Agent Dataset Formats

Agent datasets use a "samples" array, similar to LLM/RAG datasets. The key difference is the trace field, which contains the full conversation log including tool calls. Always use "name" (not "tool") in reference_tool_calls.

Full dataset — pre-captured traces

Use a full dataset when you already have recorded agent conversations (from your app logs, LangChain callbacks, or manual export). Each sample includes the complete trace with messages, tool calls, and the final response:

{
  "samples": [
    {
      "user_input": "Get the weather for London",
      "trace": {
        "messages": [
          {"role": "human", "content": "Get the weather for London"},
          {"role": "ai", "content": "", "tool_calls": [{"name": "get_weather", "args": {"city": "London"}}]},
          {"role": "tool", "content": "Sunny, 22°C", "tool_name": "get_weather", "tool_call_id": "call_1"},
          {"role": "ai", "content": "The weather in London is sunny with 22°C.", "tool_calls": []}
        ],
        "final_response": "The weather in London is sunny with 22°C.",
        "metadata": {}
      },
      "reference_outcome": "Provides London weather",
      "reference_tool_calls": [{"name": "get_weather", "args": {"city": "London"}}]
    }
  ]
}

Partial dataset — no trace (agent runs at evaluation time)
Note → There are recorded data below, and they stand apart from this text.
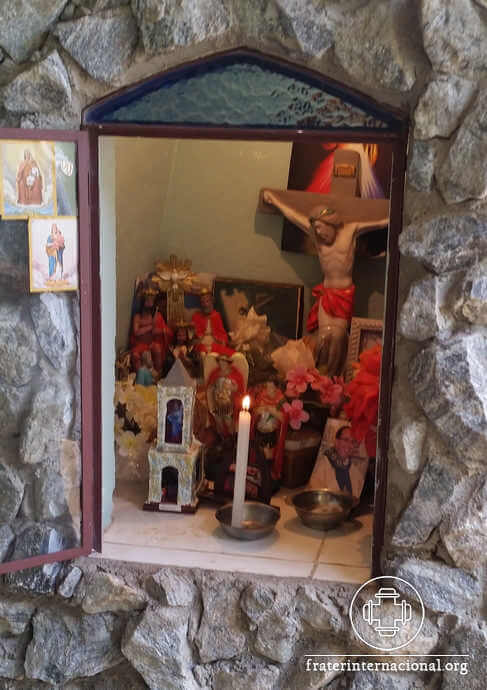 From the dusty sofa, where he spends most of the day, he points to a ramshackle radio and shares that every day he listens to the Holy Mass and prays the Holy Rosary and the Chaplet of the Divine Mercy. Then he begins the report of experiences, who knows if real or imaginary. Everrything is interrupted when the clock announces three o’clock p.m. An inner voice seems to tell him it is time to tune in the radio, and he obeys. The visitors understand and, wishing him that the Love of God keep accompanying him, they say good-bye: “Until the next visit, Mr. Pedro!” He thanks with the greatest smile that his disfigured face permits him to form and he wishes to all “May Our Lord Jesus protect you”. From a distance, it is possible to see him leaning with difficulty over his faithful companion, the old radio device, to continue his daily ritual.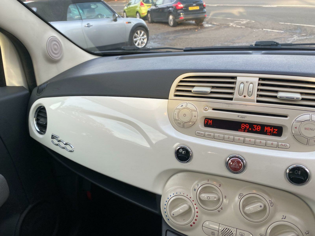 The car has got: AIR CON, AUX IN,PANORAMIC ROOF,RADIO CDThis 2012 Fiat 500 Lounge is a great find with its remarkably low mileage of just 64,900 miles for its age, complemented by a clear vehicle history check and partial service history. This stylish city car is powered by an efficient 1.2 litre petrol engine and features the desirable Lounge trim. Inside, you'll appreciate the comfort of air conditioning and the convenience of the Blue&Me hands free system with a USB port, allowing for seamless Bluetooth connectivity. The fixed glass roof with its integrated sunblind adds a touch of openness to the cabin, making every journey more enjoyable.The appeal of this Fiat 500 Lounge is further enhanced by its economical running costs. It boasts an impressive fuel economy of 59 miles per gallon, which is excellent for its class, and benefits from low CO2 emissions. Furthermore, its placement in a low insurance group means that insuring this car is likely to be very affordable, making it a sensible choice for many drivers. These factors combined indicate that this particular Fiat 500 offers a more cost effective and practical ownership experience compared to many other vehicles of its type. in alloy wheels, abs - anti-lock braking system, air conditioning, airbags - driver, airbags - front side, airbags - passenger, black ambience, blue&me - hands free system with usb port, body colour door mirrors, chrome kit, drivers knee airbag, ebd - electronic brakeforce distribution, electric front windows, electrically adjustable heated door mirrors, fixed glass roof with sunblind, fixed glass sunroof with sunblind, isofix child seat attachments, ivory ambience, lounge interior trim, power steering - dualdrive electric, radio-cd and mp3 player, remote central locking, space saver spare wheel, split folding 50:50 rear seat, steering wheel - height adjustment, steering wheel - leather with audio controls, window airbags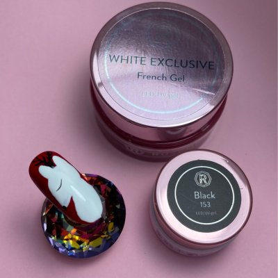 Zotrieme výpotok a nakreslime obrys srnčeka bielym gélom, použila som White exclusive french gel, následne po polymerizacii nakreslila čiernym gélom Black oko a nos

Use a partial dataset when you have test cases but no recorded traces. Floeval runs your agent for each sample and captures the trace automatically:

{
  "samples": [
    {
      "user_input": "Get the weather for London",
      "reference_outcome": "Provides London weather",
      "reference_tool_calls": [{"name": "get_weather", "args": {"city": "London"}}]
    }
  ]
}

JSONL is also supported (one sample per line).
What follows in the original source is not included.